In the entries below, find the line containing "百合股份:方正证券-百合股份" and the line containing "Biblioteca a Piso". Copy those two lines and everything between them exactly, without the pictures.
* * * *
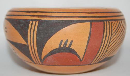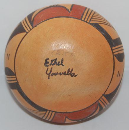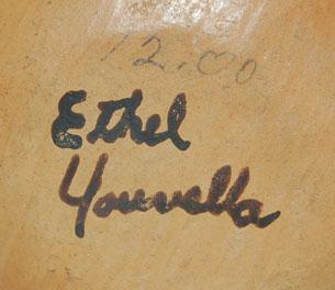 1970'S polychrome design, signed Ethel Youvella, 1.75" x 3.5"
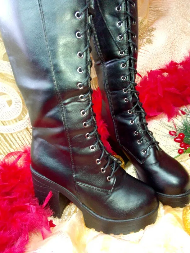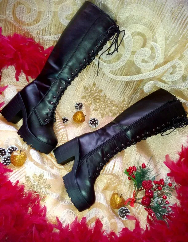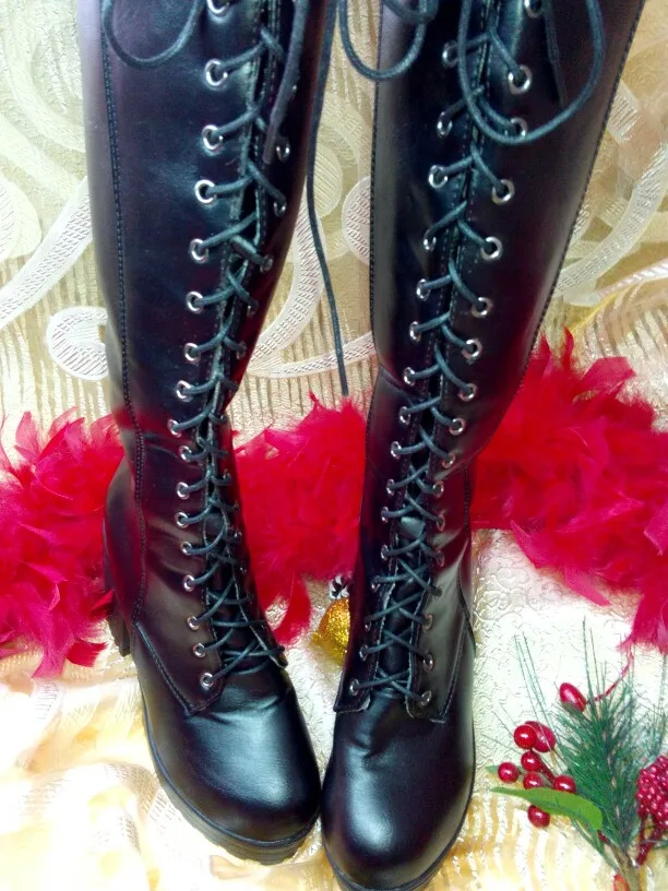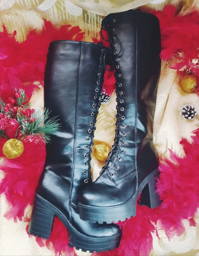Женские сапоги до колена MORAZORA, черные сапоги на платформе и высоком каблуке, на шнуровке, в стиле панк, большие размеры 43, Осень-зима 2021
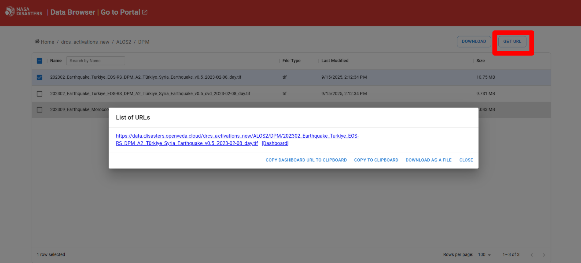 Select one of the files, click GET URL in the upper right corner, and copy the url. Then, you can paste the URL into the prompt when clicking this link: https://dev.openveda.cloud/api/raster/cog/viewer.
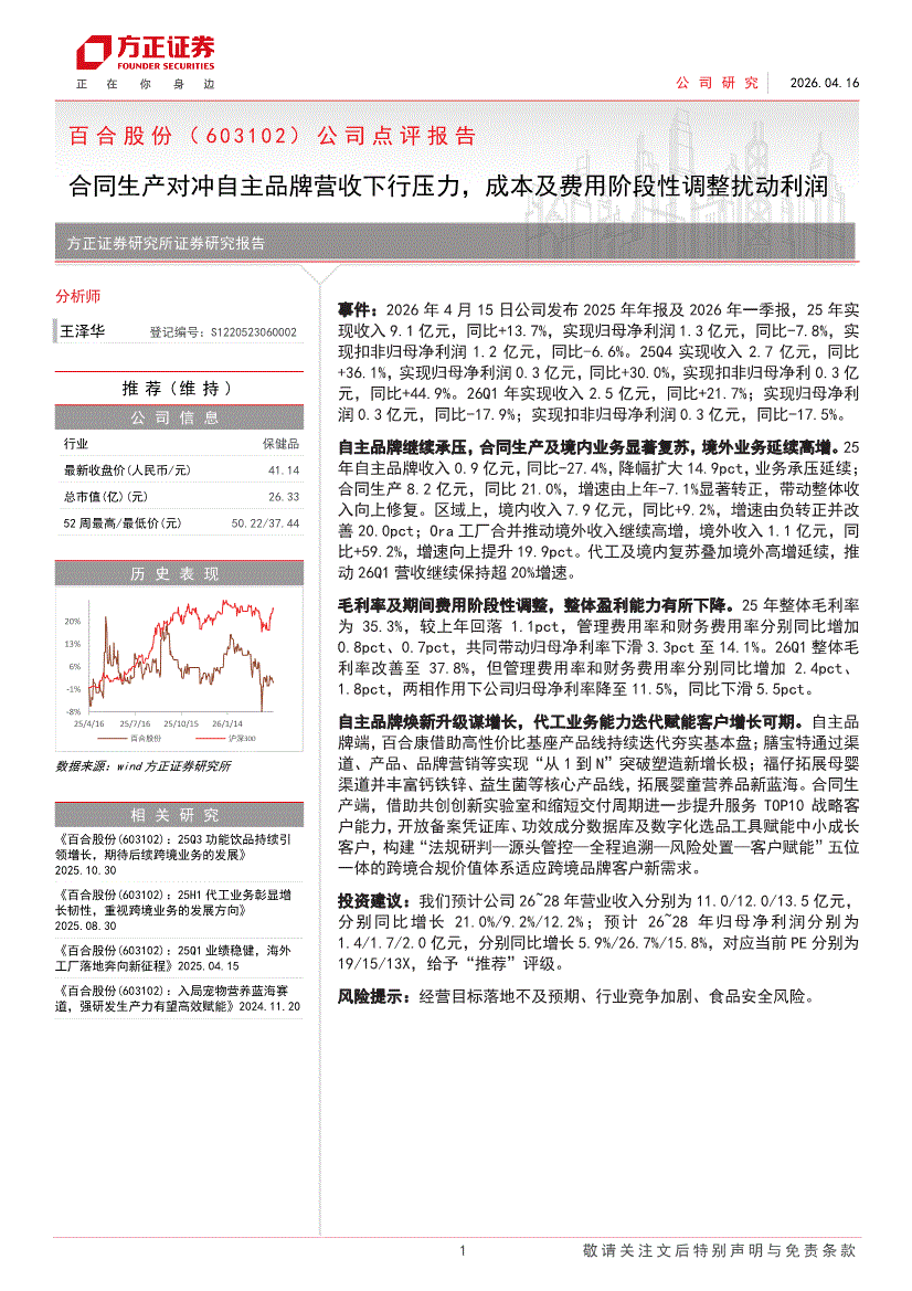 百合股份:方正证券-百合股份-603102-公司点评报告:合同生产对冲自主品牌营收下行压力,成本及费用阶段性调整扰动利润-260416
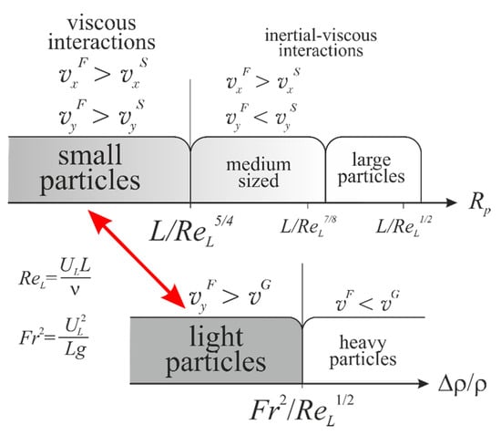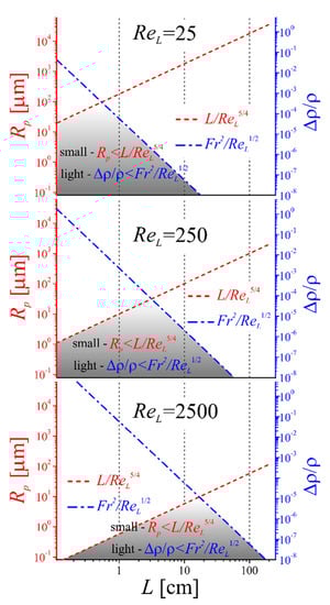 In Equation (22), g is the gravitational acceleration, ν is the kinematic fluid viscosity, Δρ/ρ is relative density of the particle inside the fluid (for neutrally buoyant particle, Δρ/ρ = 0.
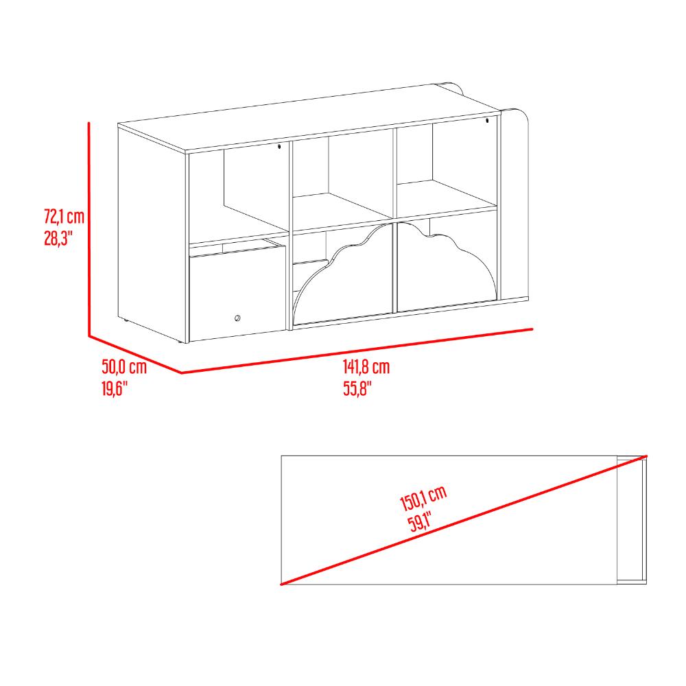 Biblioteca a Piso , con entrepaños para ubicar libros y/o juguetes, amplios espacios de almacenamiento, cajón movible con manija de lazo.
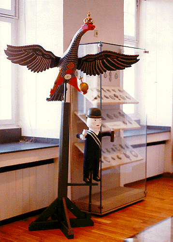 I have enclosed pictures of the Eagle which is shot during festivals. Mr. Weiss said that it is called the Koenigsvogel [king's eagle]. He said it is patterned after the German Imperial Eagle. Various parts of the wooden target are designed to fall off when hit. It is perched high up in the air and shot at from a distance of about 25 meters. It was never very clear what was used to shoot it. One person said a crossbow, another a .22 cal. rifle, and some pictures showed something looking like a small-bore shotgun. My favorite was a cartoon showing a member shooting Deutchmarks at the target! Mr. Weiss said that, in order, members shot off the crown, the orb, the scepter, the left wing, the right wing, and finally, the body. Obviously, this has roots in the protest against the Prussians: they first knock off the symbols of authority, wing the Prussian Eagle, and then kill it!
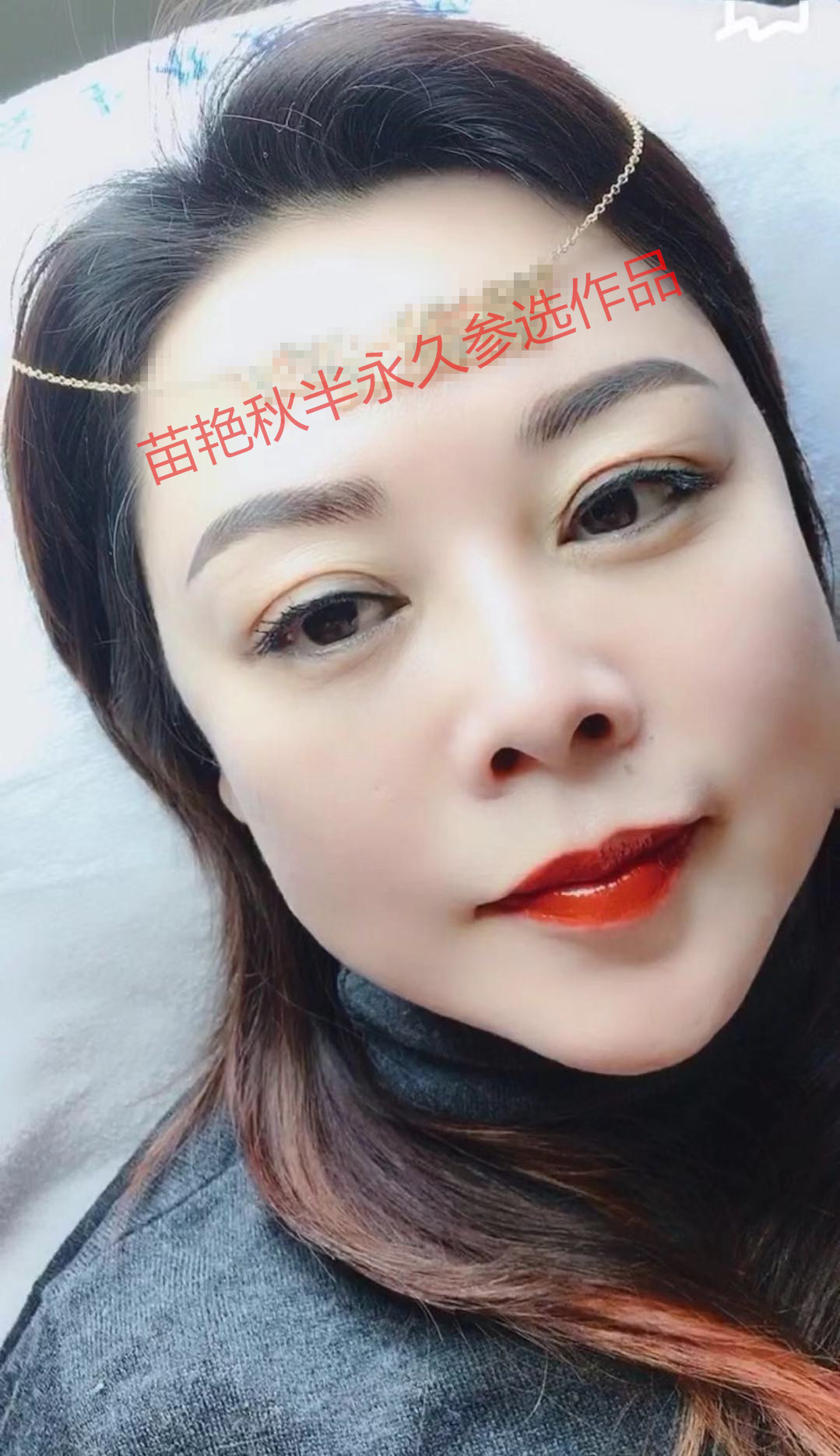 唇:正红+草莓红,年纪偏小的客人,更易打造出水嫩自然唇色。深红膏+白色+封釉膏锁色,添加白色达到使其颜色变浅的效果,也可用于唇部最后提亮使用。
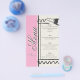 Design features pink and cream along with black and white details.
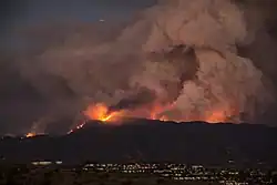During the summer (late June through mid-September) high temperatures average 90–95 °F (32–35 °C), commonly reaching 110 °F (43 °C) or higher during heat waves. Rain is very rare. Due to the aridity, summer temperatures cool down significantly at night. Summer and fall carry significant wildfire risk due to the presence of dry brush. The hottest temperature recorded in the city is 118 °F (48 °C) on July 5, 2024.[62]
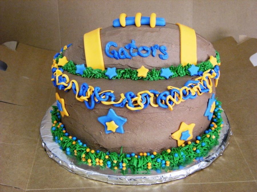 Cake is chocolate w/chocolate BC, football is strawberry RKT. Picture didn't turn out as good as I thought, can't really see the football contrast to the cake, should have made football a darker brown. Inspiration came from mamaof4
* * * *
### EXERCISE ANSWER
 百合股份:方正证券-百合股份-603102-公司点评报告:合同生产对冲自主品牌营收下行压力,成本及费用阶段性调整扰动利润-260416
 In Equation (22), g is the gravitational acceleration, ν is the kinematic fluid viscosity, Δρ/ρ is relative density of the particle inside the fluid (for neutrally buoyant particle, Δρ/ρ = 0.
 Biblioteca a Piso , con entrepaños para ubicar libros y/o juguetes, amplios espacios de almacenamiento, cajón movible con manija de lazo.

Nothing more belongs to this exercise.